Besoin d’aides et de conseils

  • Pour savoir que faire quand on se retrouve face à des inégalités qui touchent les personnes LGBTQIA+
  • Comme membre d’un CPMS dans une école qui a demandé de faire des animations autour du genre car ils ont une situation d’un élève qui se pose des questions sur son genre et pouvoir leur relayer l’information de cette table-ronde

Pour débattre entre professionnels

  • Pour pouvoir en discuter d’un point de vue professionnel (direction d’école)
  • Idem, mais comme membre d’un CPMS qui a en charge l’EVRAS
  • Echevine qui met en place des actions pour favoriser l’égalité des genres dans sa commune

Pour s’informer

  • Une journaliste qui couvre l’enseignement dans son journal et qui vient découvrir le projet d’Ecole Pour Tou.te.s, sans toutefois vouloir en faire un article, mais simplement s’informer
  • Conseillère pédagogique qui vient s’inspirer de ce projet afin de le transmettre
  • Professeure de philosophie-citoyenneté qui a des élèves qui s’assument de plus en plus et qui ont besoin d’être reconnus et qui se retrouve trop seule dans son école du fait que ses collègues ne sont pas informés sur la thématique ou n’y sont pas sensibles
  • Enseignante ayant un élève trans, qui ne trouve pas sa place et qui n’est pas soutenue par sa direction. Se demande ce qu’on peut faire dans une école qui n’est pas sensible au désarroi d’un élève.
  • Besoin de comprendre la problématique des personnes LGBTQIA+, et plus spécialement des élèves trans.
  • Une échevine de l’enseignement qui veut mettre un maximum de choses en place pour favoriser l’égalité des genres dans sa commune.

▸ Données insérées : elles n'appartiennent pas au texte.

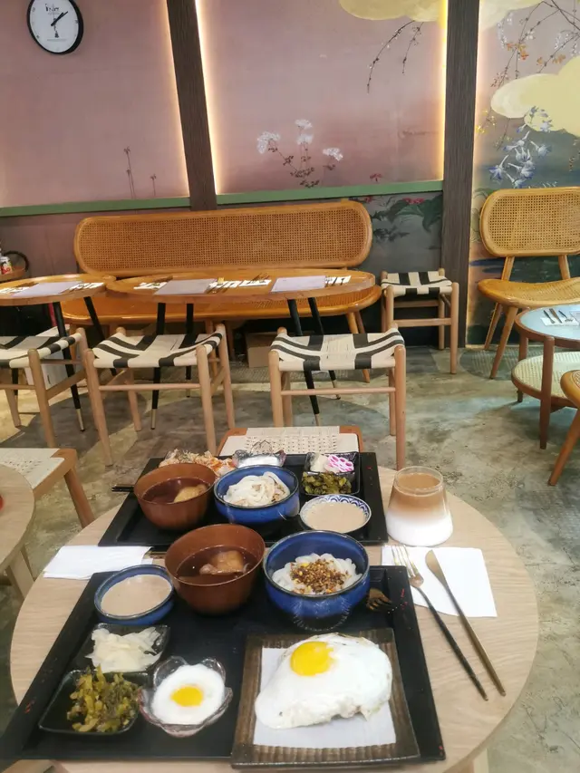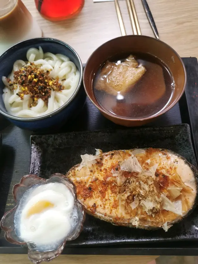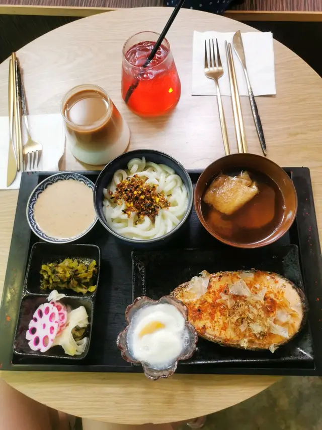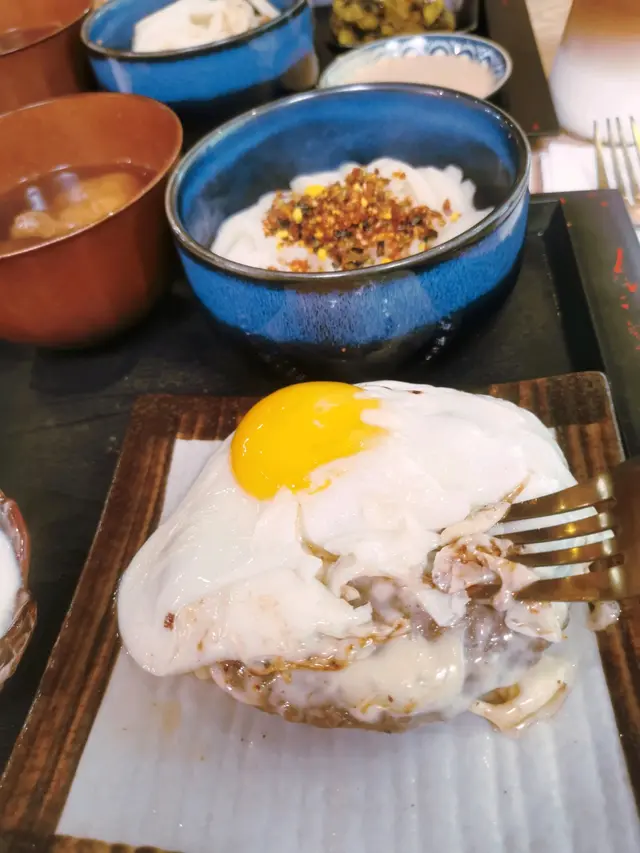 定食有日式漬物,關東煮、溫泉蛋、烏冬。 和牛漢堡面頭仲有隻煎蛋同夾咗芝士🧀,幾香。 烏冬撈埋飯素同麻醬幾好食。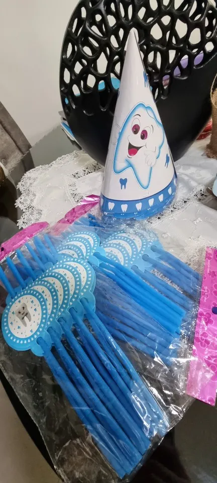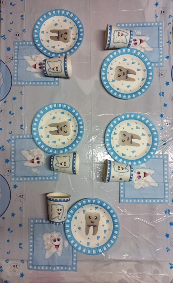 Детская одноразовая посуда для первого зуба с рисунком зубов для мальчиков

Pour comprendre comment porter un tel projet

  • Besoin d’en savoir plus avant de le relayer vers le Pouvoir organisateur
  • Demande de raconter notre cheminement

2.    Bref historique du projet

La LDE a porté plusieurs fois le combat pour la communauté LGBT en étant à leurs côtés pour le mariage pour tous et l’adoption homoparentale. A chaque fois, le Politique a rédigé des lois qui répondaient à la demande de la communauté. Mais une fois ces combats terminés, la Ligue n’était plus active dans la défense des Droits des enfants LGBT ou vivant au sein de familles homoparentales. Aussi, nous avons décidé de lancer une plate-forme associative et citoyenne visant à continuer à porter des combats visant à défendre ces droits. Lors de notre tout premier colloque destiné à baliser les priorités que nous devions porter, il est apparu que la plus importante de toutes était l’école. C’est un lieu de grandes souffrances pour les jeunes LGBT, mais c’est aussi un système qui ne remplit pas son rôle en éduquant les élèves à accepter toutes les différences ainsi qu’à lutter au quotidien contre l’homophobie et la transphobie.

Il n’y avait aucune association membre de la Rainbowhouse qui portait le combat pour une Ecole LGBT-friendly. Nous avons donc entamé le chantier avec des citoyen.ne.s et des associations capables de nous alimenter et de nous aider à porter le combat. Nous sommes devenus la première association généraliste membre de la Rainbowhouse.

Nous avons donc mis sur pied une Charte et un carnet d’accompagnement afin de proposer aux écoles de devenir des écoles LGBT-friendly. Nous les invitons à y adhérer et à se voir labellisées « Ecoles Pour Tou.te.s ».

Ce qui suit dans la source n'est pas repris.